TASK INSTRUCTIONS — Could you transcribe all of the data exactly and skip any pictures?

INPUT DATA —
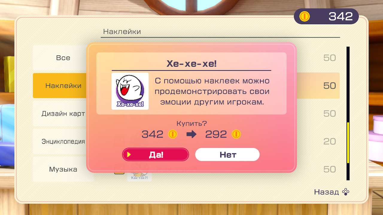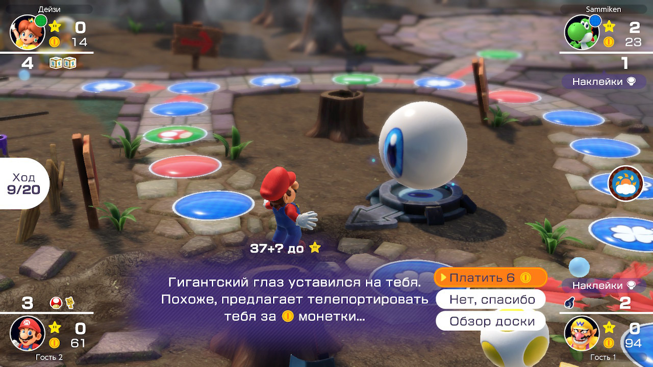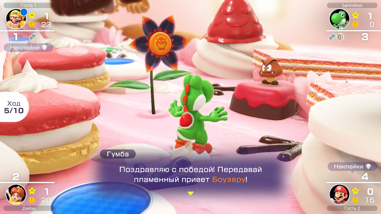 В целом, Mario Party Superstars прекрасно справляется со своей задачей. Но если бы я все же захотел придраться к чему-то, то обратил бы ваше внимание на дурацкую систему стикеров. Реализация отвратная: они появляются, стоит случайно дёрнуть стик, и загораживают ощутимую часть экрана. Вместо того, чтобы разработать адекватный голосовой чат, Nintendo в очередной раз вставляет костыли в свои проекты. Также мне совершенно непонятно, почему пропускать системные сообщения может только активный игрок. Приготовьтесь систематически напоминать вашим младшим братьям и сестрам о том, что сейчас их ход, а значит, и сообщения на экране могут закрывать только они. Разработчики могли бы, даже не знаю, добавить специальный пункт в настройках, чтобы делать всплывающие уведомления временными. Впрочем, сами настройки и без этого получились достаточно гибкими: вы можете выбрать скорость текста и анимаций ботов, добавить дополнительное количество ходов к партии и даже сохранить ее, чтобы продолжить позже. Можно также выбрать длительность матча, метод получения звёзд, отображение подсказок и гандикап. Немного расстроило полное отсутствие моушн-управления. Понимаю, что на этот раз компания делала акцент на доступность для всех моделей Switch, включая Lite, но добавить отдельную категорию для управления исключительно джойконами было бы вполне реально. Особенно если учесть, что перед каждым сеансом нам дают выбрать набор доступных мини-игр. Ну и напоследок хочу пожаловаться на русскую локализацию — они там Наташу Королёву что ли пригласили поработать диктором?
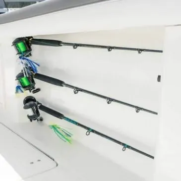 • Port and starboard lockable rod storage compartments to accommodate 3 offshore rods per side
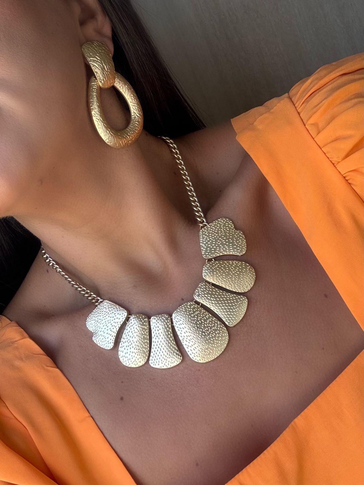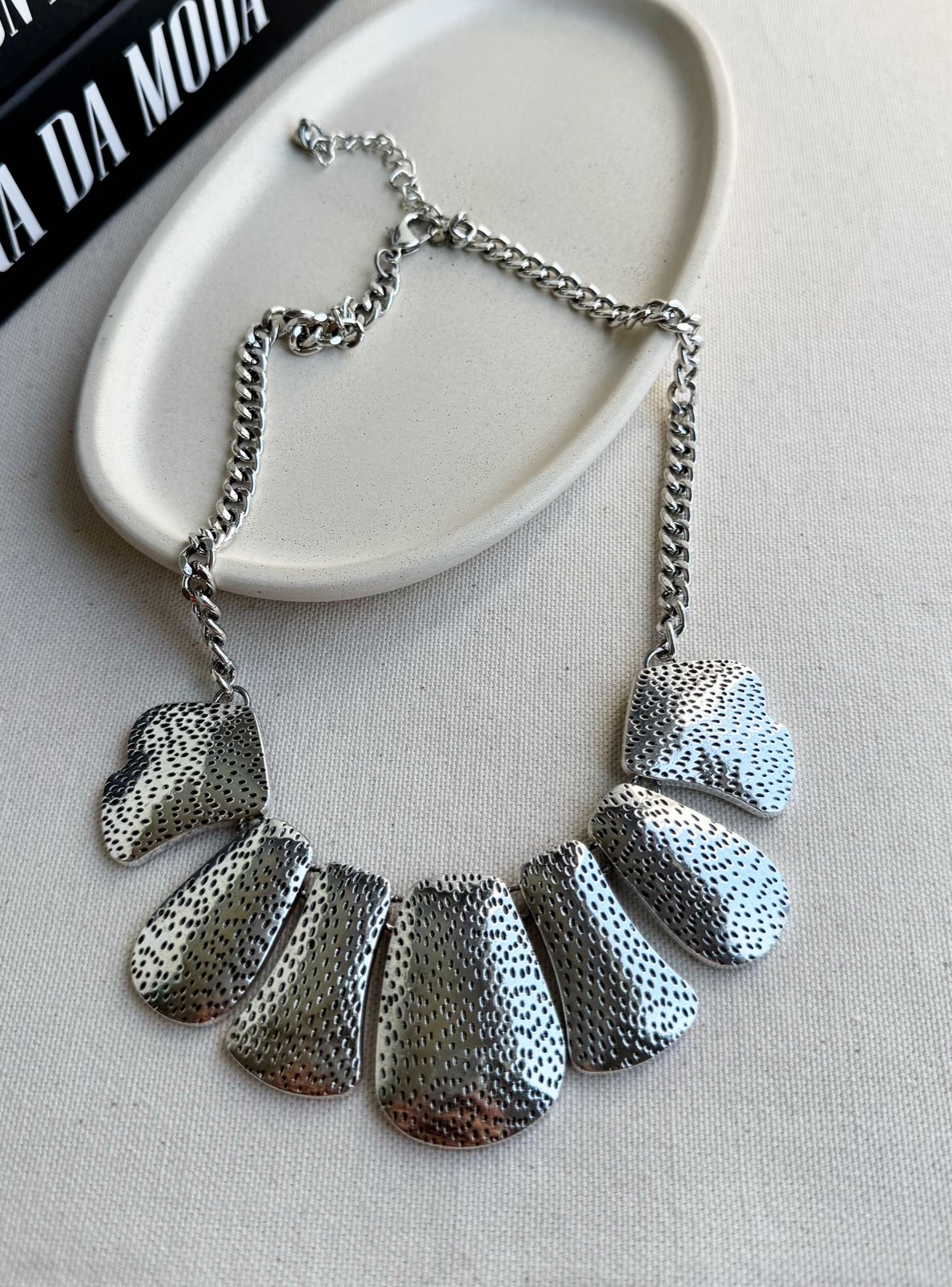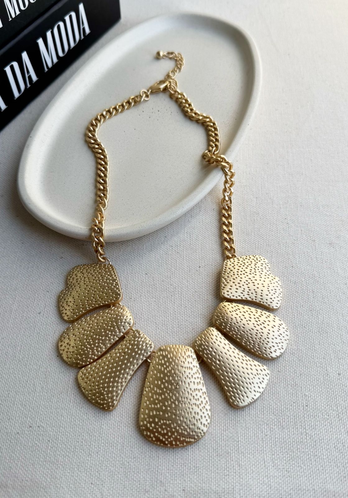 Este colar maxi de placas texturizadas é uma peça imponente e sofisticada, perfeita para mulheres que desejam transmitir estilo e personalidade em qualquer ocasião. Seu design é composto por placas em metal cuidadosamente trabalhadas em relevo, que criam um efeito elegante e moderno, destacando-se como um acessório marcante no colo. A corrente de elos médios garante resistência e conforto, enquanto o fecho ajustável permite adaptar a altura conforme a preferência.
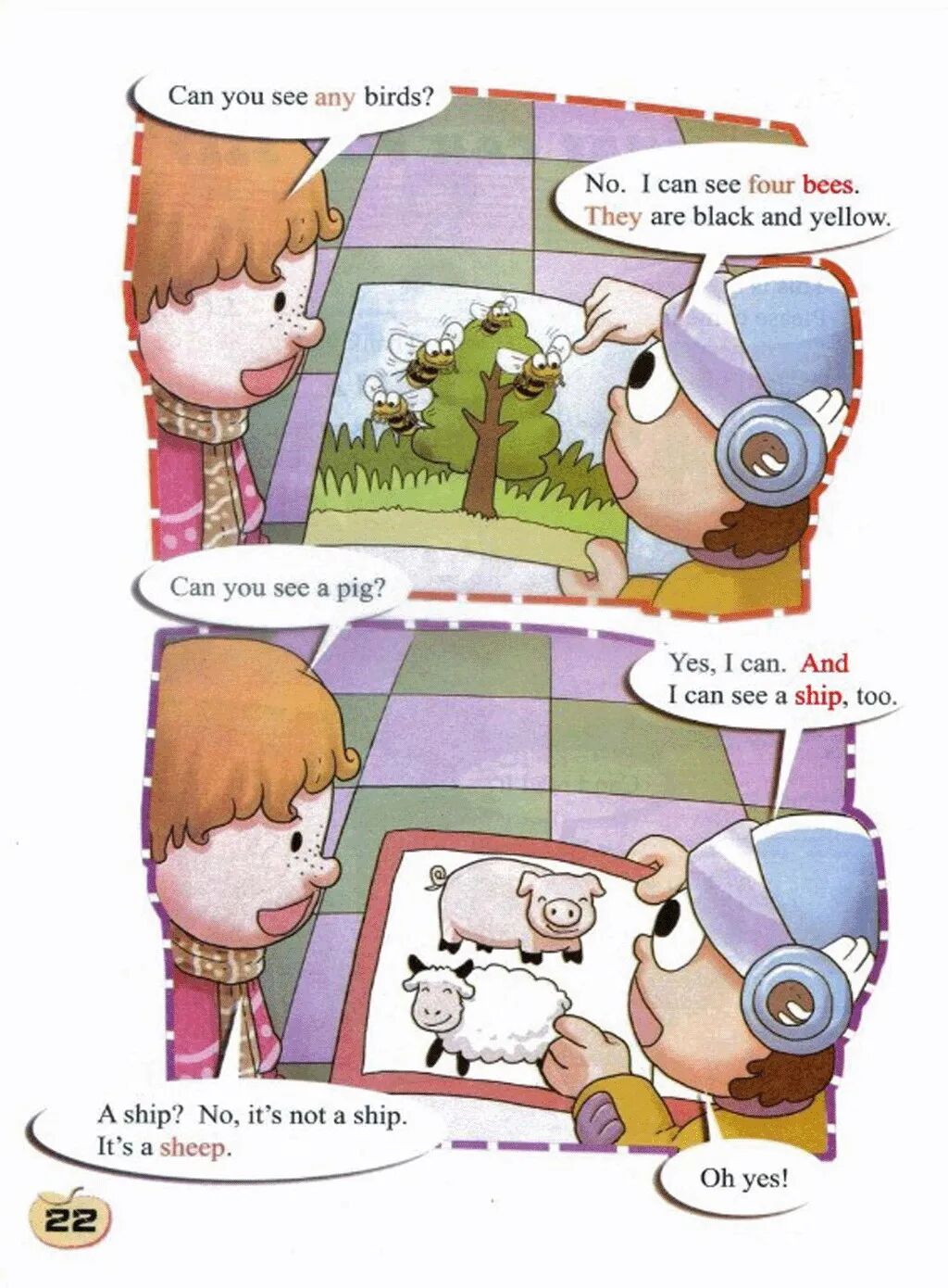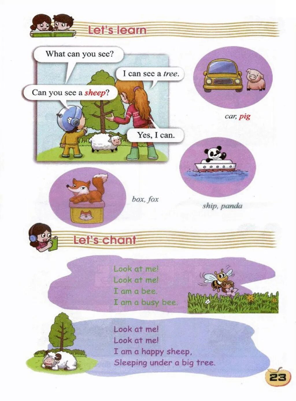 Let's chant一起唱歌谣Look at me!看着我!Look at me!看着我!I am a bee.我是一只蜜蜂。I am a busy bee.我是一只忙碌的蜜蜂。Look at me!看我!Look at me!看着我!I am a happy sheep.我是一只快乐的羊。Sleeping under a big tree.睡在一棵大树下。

REPLY TO THE EXERCISE —
 В целом, Mario Party Superstars прекрасно справляется со своей задачей. Но если бы я все же захотел придраться к чему-то, то обратил бы ваше внимание на дурацкую систему стикеров. Реализация отвратная: они появляются, стоит случайно дёрнуть стик, и загораживают ощутимую часть экрана. Вместо того, чтобы разработать адекватный голосовой чат, Nintendo в очередной раз вставляет костыли в свои проекты. Также мне совершенно непонятно, почему пропускать системные сообщения может только активный игрок. Приготовьтесь систематически напоминать вашим младшим братьям и сестрам о том, что сейчас их ход, а значит, и сообщения на экране могут закрывать только они. Разработчики могли бы, даже не знаю, добавить специальный пункт в настройках, чтобы делать всплывающие уведомления временными. Впрочем, сами настройки и без этого получились достаточно гибкими: вы можете выбрать скорость текста и анимаций ботов, добавить дополнительное количество ходов к партии и даже сохранить ее, чтобы продолжить позже. Можно также выбрать длительность матча, метод получения звёзд, отображение подсказок и гандикап. Немного расстроило полное отсутствие моушн-управления. Понимаю, что на этот раз компания делала акцент на доступность для всех моделей Switch, включая Lite, но добавить отдельную категорию для управления исключительно джойконами было бы вполне реально. Особенно если учесть, что перед каждым сеансом нам дают выбрать набор доступных мини-игр. Ну и напоследок хочу пожаловаться на русскую локализацию — они там Наташу Королёву что ли пригласили поработать диктором?
 • Port and starboard lockable rod storage compartments to accommodate 3 offshore rods per side
 Este colar maxi de placas texturizadas é uma peça imponente e sofisticada, perfeita para mulheres que desejam transmitir estilo e personalidade em qualquer ocasião. Seu design é composto por placas em metal cuidadosamente trabalhadas em relevo, que criam um efeito elegante e moderno, destacando-se como um acessório marcante no colo. A corrente de elos médios garante resistência e conforto, enquanto o fecho ajustável permite adaptar a altura conforme a preferência.
 Let's chant一起唱歌谣Look at me!看着我!Look at me!看着我!I am a bee.我是一只蜜蜂。I am a busy bee.我是一只忙碌的蜜蜂。Look at me!看我!Look at me!看着我!I am a happy sheep.我是一只快乐的羊。Sleeping under a big tree.睡在一棵大树下。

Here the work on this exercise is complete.